On October 22, 2013, we acquired Portola Packaging, Inc. and its subsidiaries, or Portola, a leading manufacturer of plastic closures, for an aggregate purchase price of $262.8 million, net of cash acquired, which was funded through revolving loan borrowings under our senior secured credit facility. Portola operates eight facilities in North America and Europe and had sales of approximately $200 million in 2012. The results of operations of Portola have been reported primarily in our closures segment and were not significant since the acquisition date.
For this acquisition, we applied the acquisition method of accounting and recognized assets acquired and liabilities assumed at fair value as of the acquisition date using valuation techniques including the cost, market and income approaches. We recognized goodwill of $124.2 million and a customer relationship intangible asset of $62.0 million, having a weighted average life of 17 years, which is not expected to be deductible for tax purposes. The purchase price allocation is preliminary and subject to change pending a final valuation of deferred taxes and related balances.
PLASTIC FOOD CONTAINERS
On August 30, 2012, we acquired the plastic food container operations of Rexam PLC, which now operates under the name Silgan Plastic Food Containers, or PFC, for an aggregate purchase price of $250.0 million which was funded from cash on hand.

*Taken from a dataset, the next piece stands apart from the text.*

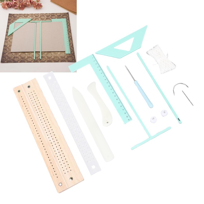 Bookbinding Kit, Multifunctional Portable Bookbinding Spacer Tools Set Binding Punch Guide Set Bookbinding Scrapbooking Tool Set for Diary Mini Album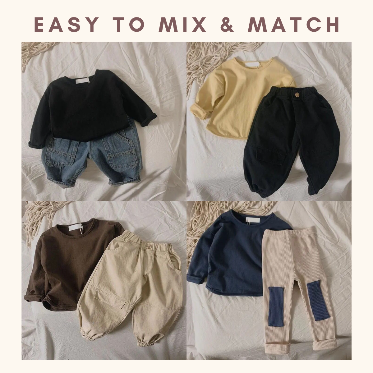 T-shirt lengan panjang uniseks ni memang wajib ada untuk anak aktif. Kain cotton lembut, tak panas dan selesa dipakai seharian. Nak keluar berjalan atau duduk rumah pun sesuai sangat!

PFC manufactures and sells barrier and non-barrier plastic thermoformed bowls and trays for shelf-stable foods to many of the world’s leading packaged food and ready-meal companies. The results of operations of PFC have been reported in our plastic container segment.
For this acquisition, we applied the acquisition method of accounting and recognized assets acquired and liabilities assumed at fair value as of the acquisition date using valuation techniques including the cost, market and income approaches. We recognized goodwill of $113.3 million and definite-lived intangible assets of $78.0 million consisting of customer relationships of $67.0 million, having a weighted average life of 18 years, and technology know-how of $11.0 million, having a weighted average life of 8 years.
GRAHAM PACKAGING
In June 2011, Graham Packaging Company Inc., or Graham Packaging, terminated our definitive merger agreement and paid us a termination fee of $39.5 million in accordance with the terms of such merger agreement. The proceeds from the termination fee, net of costs associated with certain corporate development activities, have been recorded in selling, general and administrative expenses in the Consolidated Statement of Income for the year ended December 31, 2011.
VOGEL & NOOT
On March 1, 2011, we acquired the metal container operations of Vogel & Noot Holding AG, or VN, which is headquartered in Vienna, Austria. VN manufactures metal food and general line containers, with manufacturing facilities in Central and Eastern Europe and Asia. We acquired these operations for a total purchase price, including deferred amounts, of €212.4 million ($292.7 million translated at the U.S. dollar exchange rate at the date of acquisition), net of cash acquired. We funded the purchase price for this acquisition from Euro denominated revolving loan borrowings under our senior secured credit facility. In March 2012, we paid the deferred portion of the purchase price under the purchase agreement of €36.4 million ($47.6 million translated at the U.S. dollar exchange rate at the date of payment). We applied the acquisition method of accounting and recognized assets acquired and liabilities assumed at fair value as of the acquisition date. For this acquisition, we recognized goodwill of $56.6 million, a customer relationship intangible asset of $19.3 million and a trade name of $3.4 million. VN’s results of operations have been included in our metal container business since the acquisition date.